Why is this necessary? Well, there are are two main underlying reasons why you don't want water in your track structure:
It tends to lead to deterioration in the track geometry through various mechanisms, which leads to lower speeds, increased derailment risk and more expensive track resurfacing.
It tends to lead to deterioration of your ties (concrete, timber and steel alike), which means you have to replace them more often.
There are a few key mechanisms that cause the deterioration in track geometry:
When the water stops moving through the ballast it stops washing out contamination of fines (through local sedimentation or from the breakdown of the ballast itself). The standing water then tends to bind with the fines to create a mud slurry which both erodes the ties and quickly rounds the ballast rocks.
This is bad because ballast rocks rely on their irregular shape to provide a solid and stable layer; when new, the ballast rocks can interlock with one another and quickly reach a relatively stable lowest energy state with high strength characteristics. As the rocks become rounded and smaller they settle further and interlock less well, reducing the overall strength of the layer.
The pumping action of trains passing over the ballast layer when it is wet tends to drive water into cracks in the subballast, which can drive the water down into the track foundation. Either way, both the subballast and the foundation will tend to be weaker when wet, and the action of the water infiltration will also erode these layers, which only makes the problem worse.
In soils with a high expansiveness (in particular clay), they may vary volumetrically quite substantially when they are wet as opposed to being dry.

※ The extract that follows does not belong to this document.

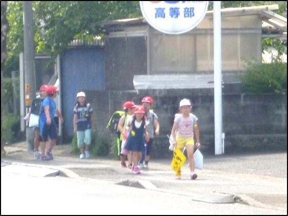 上学年の子どもが、下学年の子どもを思いやって下校する姿が見られました。
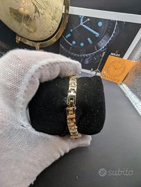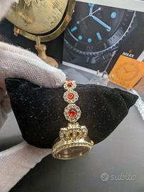 Design raffinato e scenografico, con corona decorativa superiore e bracciale coordinato: un orologio pensato come accessorio di classe, ideale anche come regalo.

So, when the formerly dry formation gets wet, it can heave, and then when it dries out, it shrinks again. These processes are not uniform and so lead to poor top geometry.
Similarly, in areas where freezing temperatures are encountered the water in the soil can freeze; ice has a lower density than liquid water and so you get heave, and then shrinking again when it melts. Melt water is also a great eroder.
For all of these reasons we like to keep water from entering the formation (so far as is reasonably possible) and drain it out quickly when it does get in there.
I'm afraid I don't know very much about slab track but I suspect that as you speculate, it is relatively impermeable to water and also not especially susceptible to erosion, and so the formation stays dry even if the slab track above it is practically under water.